Затем Касаткин переходил к первоисточнику кайфа – кабакам. И авторитетно объяснял, что лучший – «Патэ&Шапо» в скромном культурном Матвеевском. Ресторан выглядел буржуазно-законопослушно – скатерки, столовое серебро. Одежду публика носила неброскую. Многие приходили одни. И это было прилично. Ничто не мешало экстазу. Старейший ресторан. Почти двести лет. Остальные «Метрополи», «Национали», «Президент-отели» и «Рэдисон-Славянские» – тусовка.
Касаткин приглашал поговорить за столиком у пальмы. Притом готов был рассмотреть предложения.
«Китайская телятина» звучала паролем. Все Митино слышало о чекистской истории. И этот поймет, что вызывают – его.
Сегодня воскресенье. В Страстной понедельник обдумайте меню, в Страстной вторник приходите.
Касаткин намекал, таким образом, что всё знает и продает молчание.
И может, потрошитель примет намек за блеф, а может, подумает: «Что он там знает?» В шантаж, скорее всего, поверит. Эти судят по себе.
Дело было опасно-неприятным.
Монстр наживался на трупах. Чудовищны, конечно, были все варианты наживы. Пинякинцы, изготовители плохих котлет, казались теперь ангелами.

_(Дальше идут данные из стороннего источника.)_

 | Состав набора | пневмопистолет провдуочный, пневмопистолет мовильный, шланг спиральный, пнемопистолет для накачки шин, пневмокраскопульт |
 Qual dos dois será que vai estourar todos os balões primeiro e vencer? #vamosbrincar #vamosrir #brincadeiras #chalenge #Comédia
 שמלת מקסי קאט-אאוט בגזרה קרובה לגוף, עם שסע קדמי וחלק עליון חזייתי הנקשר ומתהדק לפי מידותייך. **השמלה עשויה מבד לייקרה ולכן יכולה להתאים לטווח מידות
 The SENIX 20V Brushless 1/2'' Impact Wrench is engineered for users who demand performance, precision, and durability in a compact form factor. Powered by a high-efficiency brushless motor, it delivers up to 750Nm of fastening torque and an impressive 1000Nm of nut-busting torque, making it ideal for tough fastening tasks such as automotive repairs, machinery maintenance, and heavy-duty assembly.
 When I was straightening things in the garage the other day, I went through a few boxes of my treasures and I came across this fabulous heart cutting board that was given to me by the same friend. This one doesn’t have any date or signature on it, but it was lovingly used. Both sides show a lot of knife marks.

За Катю Костя не боялся. Жирный, конечно, влюблен. Да и Костя уже подставил самого себя. За себя не боялся тоже, потому что думал о цели, и вообще митинская атмосфера закалила его. Отчаяние обезболило страх. Касаткин рвался в бой. И все же ему было не по себе. Почему, не понимал.
Костя набрал ее номер.
– Але, – сказала она глуховато.
Костя отключил и набрал номер Жиринского. Он тоже был у себя, алекнул.

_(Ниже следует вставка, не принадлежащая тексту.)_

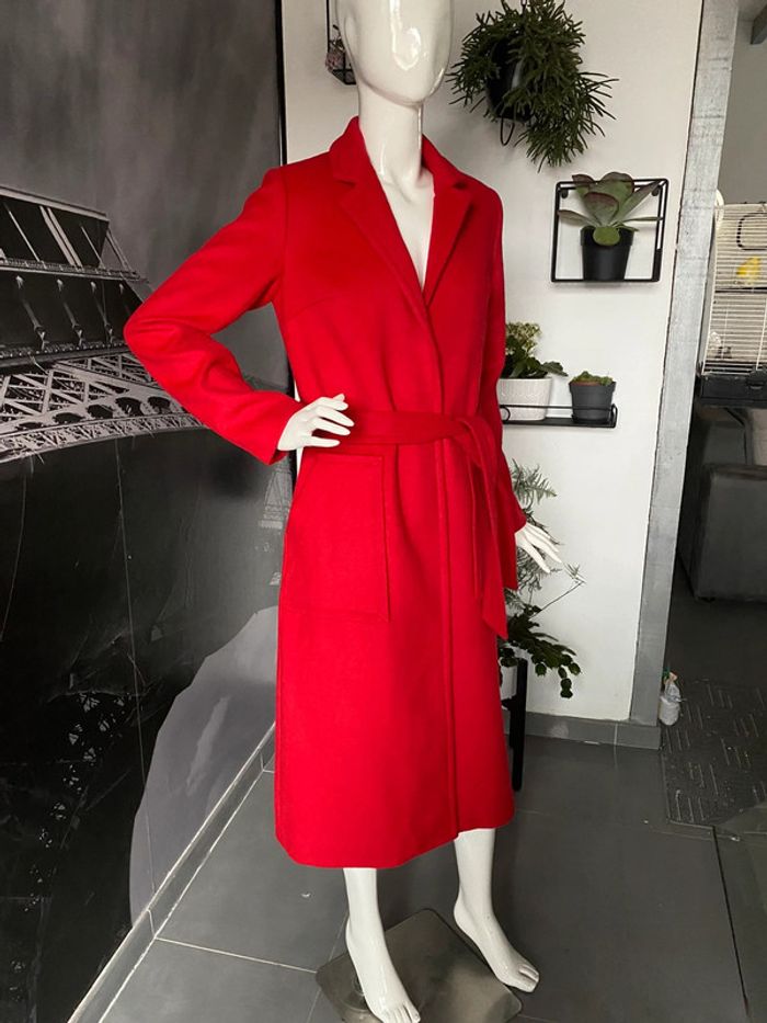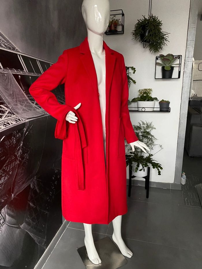 Manteau long rouge 30% laine fermeture par pression fente derrière - photo numéro 1
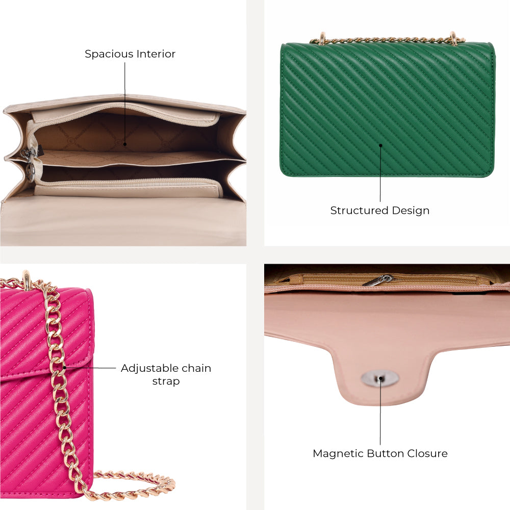Elevate your fashion game with our stunning Structured Quilted Shoulder Bag. Impeccably crafted with a classic quilted pattern, this bag exudes timeless elegance. Its sleek design, spacious interior, and comfortable shoulder strap make it a perfect blend of style and functionality. Whether it's a casual outing or a special event, this shoulder bag is the ultimate accessory to complement your every look.
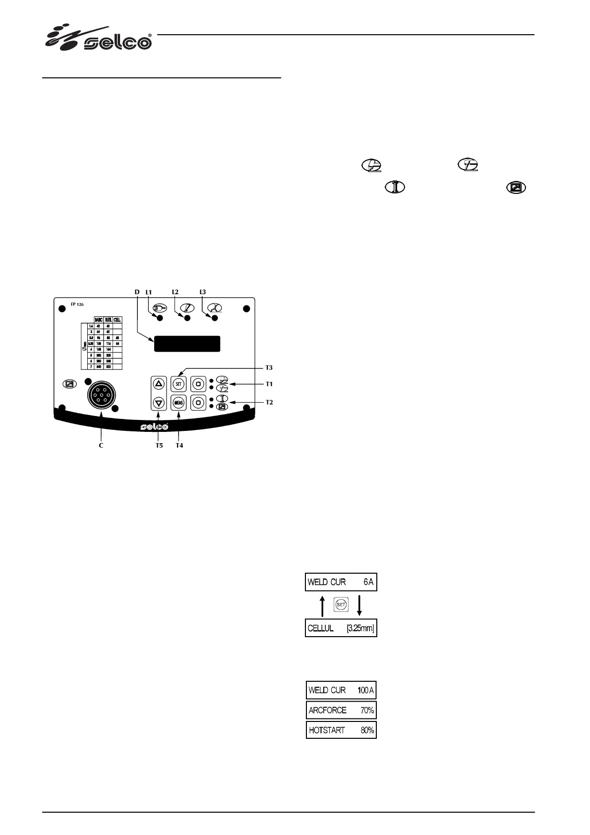 * T2: Tecla selecciona el control de la corriente de soldadura .

Костя вздохнул с облегчением. Всё, что случилось, – намного хуже. Разве только не расчленили его самого. Но утренняя сцена нежности Кати с Жирным стояла перед глазами.
Домой на крылатой сияющей «Субару» он полз. Желтые и зеленые грязные зиловские инвалиды обгоняли и оглядывались. Вот, мол, блин, выпендрежник. Крутой, а не мчит. А Костя замедлял, подгадывая красный свет.
На въезде на Митинскую с радостью встал в пробке. У светофора вдоль машин сновал с журналами точеный подросток – вылитый Жэка. Похоже, он и был. Паренек подошел к Косте и сунул в окно «Плейбой» с голым женским задком. Костя взял журнал и высунул в окно деньги. Нет, не Жэка. Жэка смотрит «Плейбой» в гостях на диване, жалуясь, что денег нет.
Зад на обложке был не голый, а в трусах на змейке, как у Кати. От журнала благоухало: в страницы вклеили ароматическую рекламу супердухов «Иссей Миаки». По ним томились редакционные женщины и копили на покупку микроскопического пробного флакончика, и то не духов, а туалетной воды.
Костя вдохнул полной грудью и тяжко выдохнул.